= Work order =
Pictures aside, reproduce exactly each line from the one holding "除了胖瘦看體重不準之外,每個" through the last line of the material, both ends included.

= Provided information =
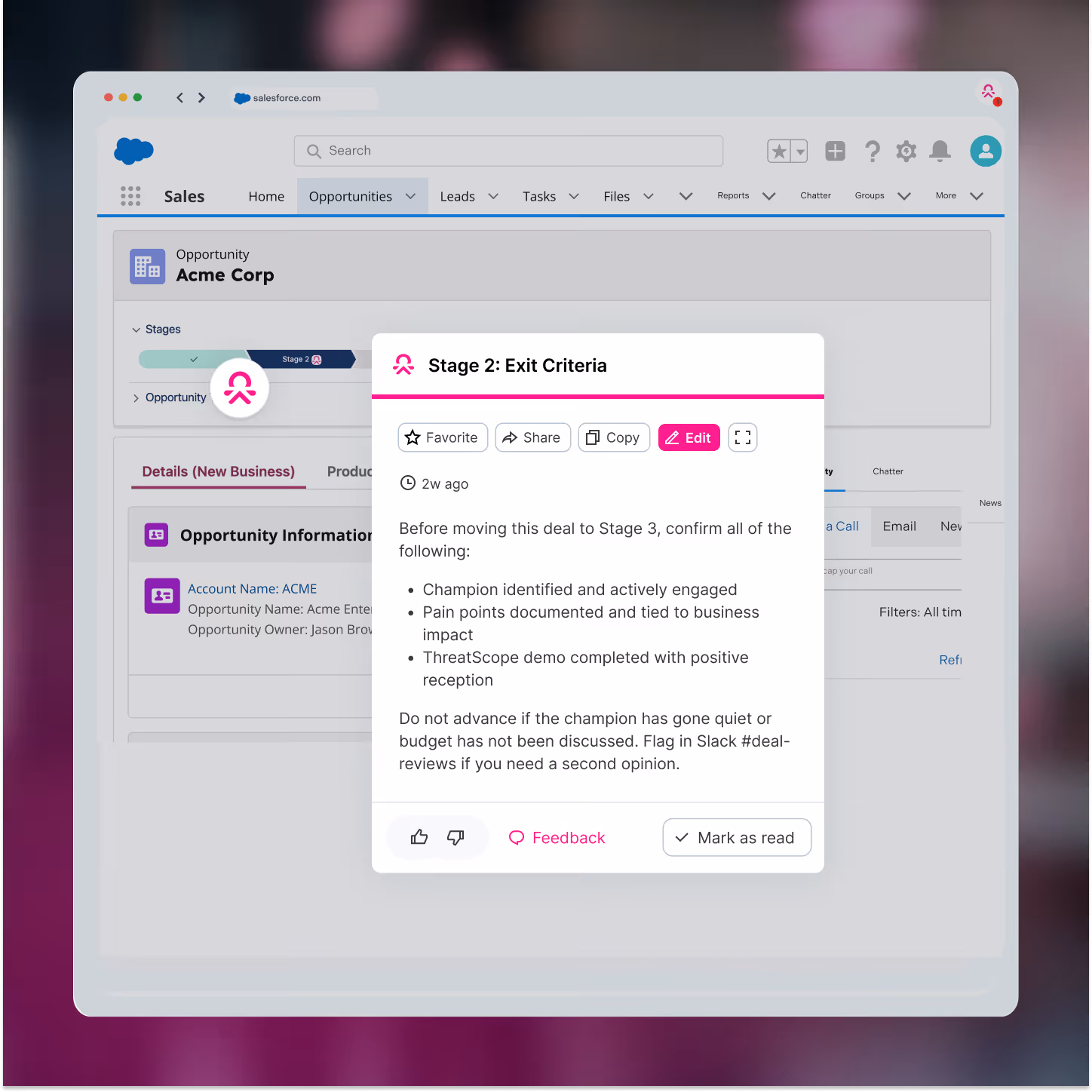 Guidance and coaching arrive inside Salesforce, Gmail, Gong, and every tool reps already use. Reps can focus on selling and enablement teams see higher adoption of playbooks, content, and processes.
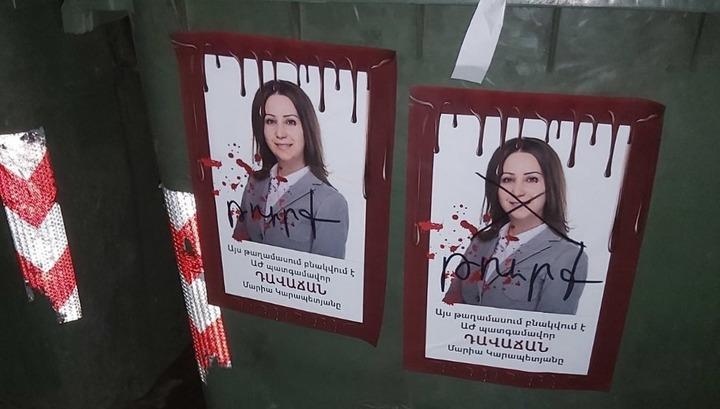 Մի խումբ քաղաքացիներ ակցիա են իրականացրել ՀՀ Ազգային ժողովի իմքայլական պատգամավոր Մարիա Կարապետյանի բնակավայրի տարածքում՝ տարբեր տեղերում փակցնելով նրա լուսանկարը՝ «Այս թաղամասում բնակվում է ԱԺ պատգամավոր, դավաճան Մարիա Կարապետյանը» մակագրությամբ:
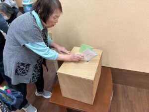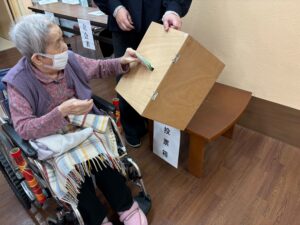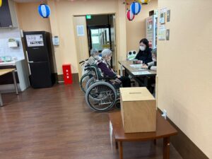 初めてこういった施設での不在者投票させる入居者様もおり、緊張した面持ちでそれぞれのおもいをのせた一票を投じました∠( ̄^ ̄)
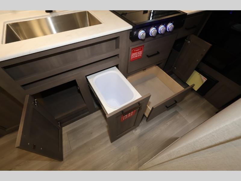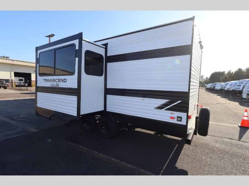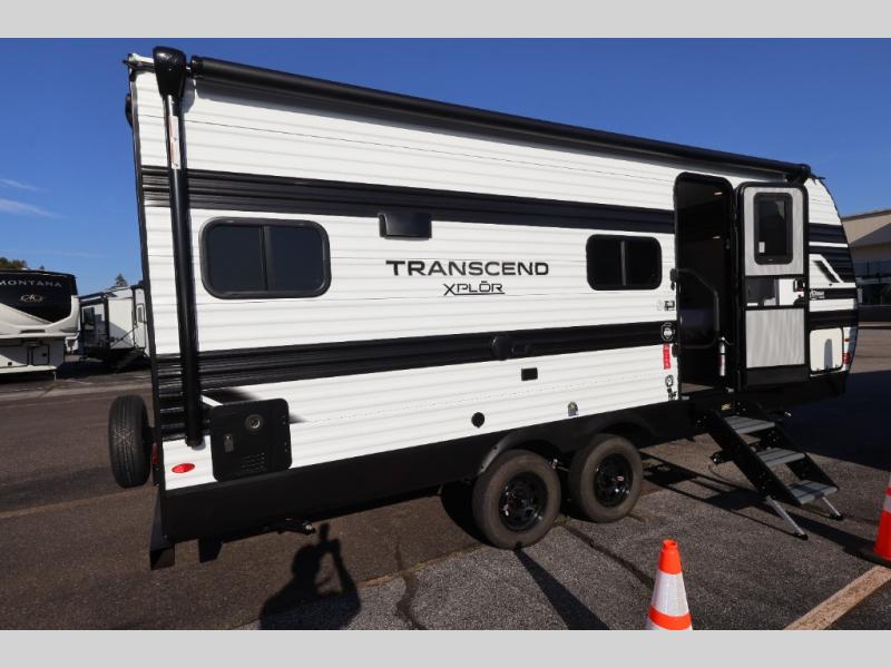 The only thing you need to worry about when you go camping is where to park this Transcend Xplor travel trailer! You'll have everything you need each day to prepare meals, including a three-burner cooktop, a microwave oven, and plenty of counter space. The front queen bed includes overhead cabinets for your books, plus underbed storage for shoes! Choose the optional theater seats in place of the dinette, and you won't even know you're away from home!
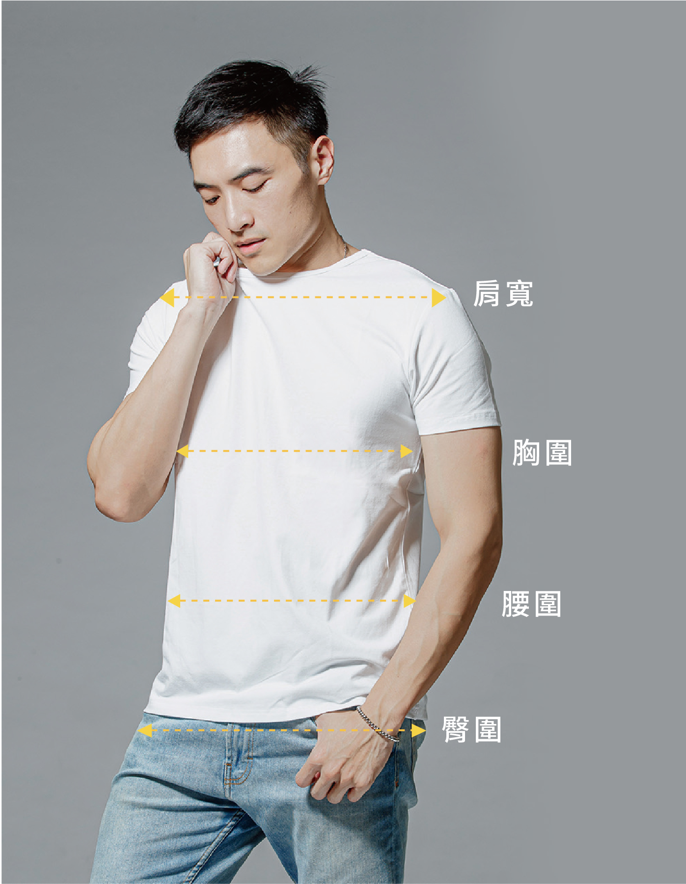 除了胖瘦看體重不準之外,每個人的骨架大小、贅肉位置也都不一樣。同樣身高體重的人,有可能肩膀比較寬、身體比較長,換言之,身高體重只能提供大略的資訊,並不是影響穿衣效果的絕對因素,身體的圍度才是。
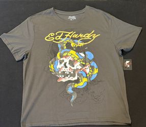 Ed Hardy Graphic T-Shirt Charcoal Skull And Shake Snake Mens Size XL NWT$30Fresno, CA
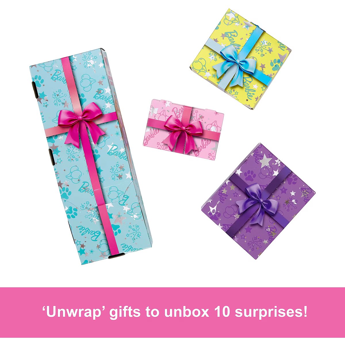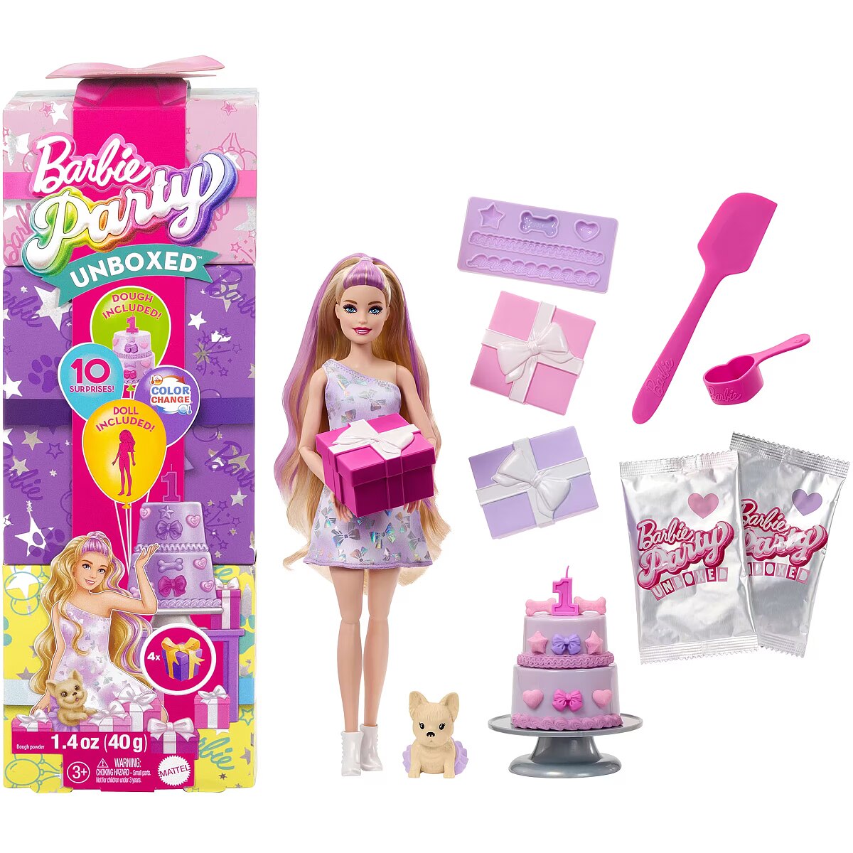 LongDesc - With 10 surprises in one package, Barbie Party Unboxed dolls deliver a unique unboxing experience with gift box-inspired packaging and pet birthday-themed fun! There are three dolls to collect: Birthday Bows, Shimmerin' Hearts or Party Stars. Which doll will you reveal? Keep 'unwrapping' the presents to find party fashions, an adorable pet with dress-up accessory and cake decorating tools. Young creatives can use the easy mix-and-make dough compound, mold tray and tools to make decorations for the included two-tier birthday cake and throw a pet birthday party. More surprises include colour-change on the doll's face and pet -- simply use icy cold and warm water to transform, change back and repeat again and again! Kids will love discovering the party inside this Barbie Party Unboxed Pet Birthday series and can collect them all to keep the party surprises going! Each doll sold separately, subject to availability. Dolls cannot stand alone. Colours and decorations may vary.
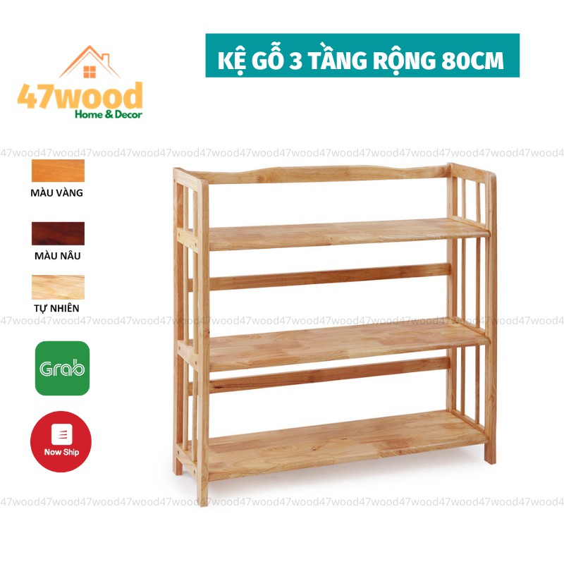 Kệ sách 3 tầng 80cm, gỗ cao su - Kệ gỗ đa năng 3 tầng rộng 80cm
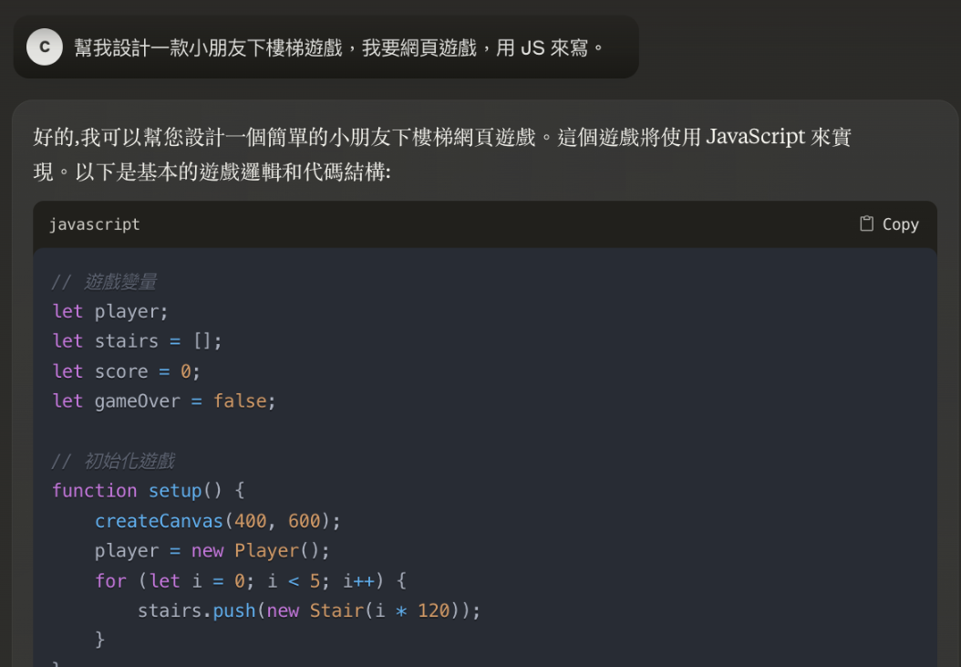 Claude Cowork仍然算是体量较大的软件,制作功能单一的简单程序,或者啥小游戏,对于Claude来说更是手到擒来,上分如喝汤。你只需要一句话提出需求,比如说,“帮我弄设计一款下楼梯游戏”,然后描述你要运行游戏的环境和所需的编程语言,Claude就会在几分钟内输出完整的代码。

= Your response =
 除了胖瘦看體重不準之外,每個人的骨架大小、贅肉位置也都不一樣。同樣身高體重的人,有可能肩膀比較寬、身體比較長,換言之,身高體重只能提供大略的資訊,並不是影響穿衣效果的絕對因素,身體的圍度才是。
 Ed Hardy Graphic T-Shirt Charcoal Skull And Shake Snake Mens Size XL NWT$30Fresno, CA
 LongDesc - With 10 surprises in one package, Barbie Party Unboxed dolls deliver a unique unboxing experience with gift box-inspired packaging and pet birthday-themed fun! There are three dolls to collect: Birthday Bows, Shimmerin' Hearts or Party Stars. Which doll will you reveal? Keep 'unwrapping' the presents to find party fashions, an adorable pet with dress-up accessory and cake decorating tools. Young creatives can use the easy mix-and-make dough compound, mold tray and tools to make decorations for the included two-tier birthday cake and throw a pet birthday party. More surprises include colour-change on the doll's face and pet -- simply use icy cold and warm water to transform, change back and repeat again and again! Kids will love discovering the party inside this Barbie Party Unboxed Pet Birthday series and can collect them all to keep the party surprises going! Each doll sold separately, subject to availability. Dolls cannot stand alone. Colours and decorations may vary.
 Kệ sách 3 tầng 80cm, gỗ cao su - Kệ gỗ đa năng 3 tầng rộng 80cm
 Claude Cowork仍然算是体量较大的软件,制作功能单一的简单程序,或者啥小游戏,对于Claude来说更是手到擒来,上分如喝汤。你只需要一句话提出需求,比如说,“帮我弄设计一款下楼梯游戏”,然后描述你要运行游戏的环境和所需的编程语言,Claude就会在几分钟内输出完整的代码。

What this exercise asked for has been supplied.